‘Ariodante’ exprés
Resulta difícilmente justificable los numerosos cortes -guadaña, más que tijeras, en mano- que infligió William Christie a la partitura
Con justo una semana de diferencia han podido oírse en Madrid dos óperas de Handel: Rinaldo en el Auditorio Nacional y Ariodante en el Teatro Real. Aquella supuso la presentación operística del músico alemán en Londres en 1711 y fue la primera ópera creada específicamente para la ciudad por cualquier compositor. Ariodante tiene también algo de primicia, ya que se convirtió en el debut operístico de Handel en lo que era para él un nuevo teatro, el del Covent Garden, donde se estrenó el 8 de enero de 1735. Curiosamente, y teniendo en cuenta que la casi totalidad de la trayectoria operística de Handel transcurrió en Londres, Ariodante es la única ópera de su extenso catálogo cuya acción se desarrolla en las Islas Británicas, en concreto en Escocia, “en Edimburgo y en las partes vecinas”, como reza el libreto.

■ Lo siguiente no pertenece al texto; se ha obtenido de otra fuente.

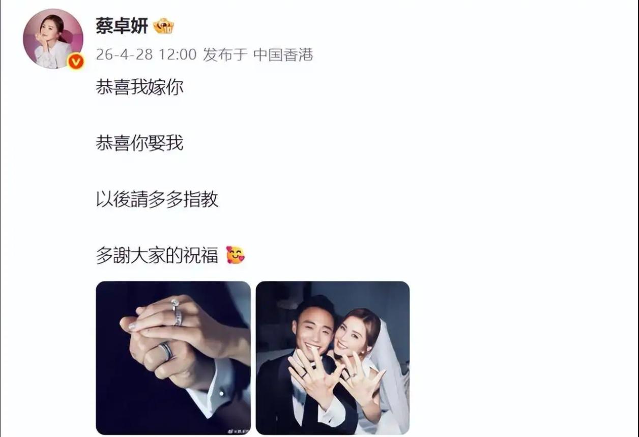 “恭喜我嫁你,恭喜你娶我。”——蔡卓妍微博官宣文案

Al igual que Rinaldo, también Ariodante se ha ofrecido en Madrid en versión de concierto, lo que facilita mucho las cosas a los programadores y, por supuesto, abarata inmensamente los costes, al tiempo que atrae a mucho menos público y, este suele ser el caso en el Teatro Real, a un público también algo diferente del habitual, a su vez muy dispar del que suele acudir al Auditorio Nacional a convocatorias similares. El mayor señuelo era, por supuesto, la presencia de William Christie, un veterano de las corrientes interpretativas historicistas, un nombre consagrado y un visitante habitual de nuestro país desde hace al menos tres décadas, Sin embargo, es imposible ocultar una marcada sensación de desilusión, en línea con la impresión que ya nos dejó en sus dos últimas visitas a Madrid: con su Monsieur de Pourceaugnac de Lully en los Teatros del Canal en enero de 2016 y con un flojísimo Mesías de Handel en diciembre de ese mismo año. Nada que ver con aquel Christie maravillosamente afrancesado que nos deslumbró en 1992 en el Teatro de la Zarzuela con una inolvidable Atys, también de Lully.

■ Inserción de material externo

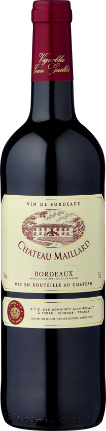 Diese trockene Rotweincuvée stammt aus Bordeaux vom Château Maillard. Sie ist eine harmonische Komposition aus den klassischen Bordeaux-Rebsorten Cabernet Franc, Cabernet Sauvignon und Merlot. Beeindruckend für das junge Alter des Weins ist die intensive Aromatik und der mollige Körper. Die Stilistik ist dabei typisch für die Bordelaiser Art: Kräftige Noten von Cassis und Kirsche vereinen sich am Gaumen mit feinkörnigem Tannin. Dieser Wein passt gut zu deftigen Gerichten, wie gebratenem Wild mit dunkler Soße oder auch zu kräftigem Käse.

Handel no ha sido nunca el compositor más afín al director estadounidense, pero lo que resulta difícilmente justificable fueron los numerosos cortes -guadaña, más que tijeras, en mano- que infligió a la partitura. Y llovía sobre mojado, porque algo parecido hizo en aquel Mesías en las postrimerías de 2016: por eso el título de esta crónica enlaza tristemente con el de aquella. Hubo desapariciones de todos los gustos y colores: desde supresiones de arias o recitativos en su totalidad (Apri le luci, en el primer acto, o Se tanto piace al cor, en el segundo) hasta cortes del da capo característico de las arias (incontables ejemplos, incluido el dúo final del tercer acto) o, lo que es casi peor, la desaparición de la prescrita repetición de la primera parte del aria tras la sección contrastante del da capo (como sucedió, entre muchas otras, en Voli colla sua tromba o Il mio crudel martoro): algo así como tocar un minueto y trío sin la repetición del minueto. También pasaron a mejor vida las diversas danzas al final de los tres actos, e incluso el coro final (Sa trionfar ognor virtute). No hace falta decir que, con semejante carnicería, todo el equilibrio musical de la obra se viene abajo irremediablemente.
Ariodante
Música de George Frideric Handel. Kate Lindsey, Chen Reiss, Hila Fahima y Christophe Dumaux, entre otros. Les Arts Florissants. Director: William Christie. Teatro Real, 18 de marzo.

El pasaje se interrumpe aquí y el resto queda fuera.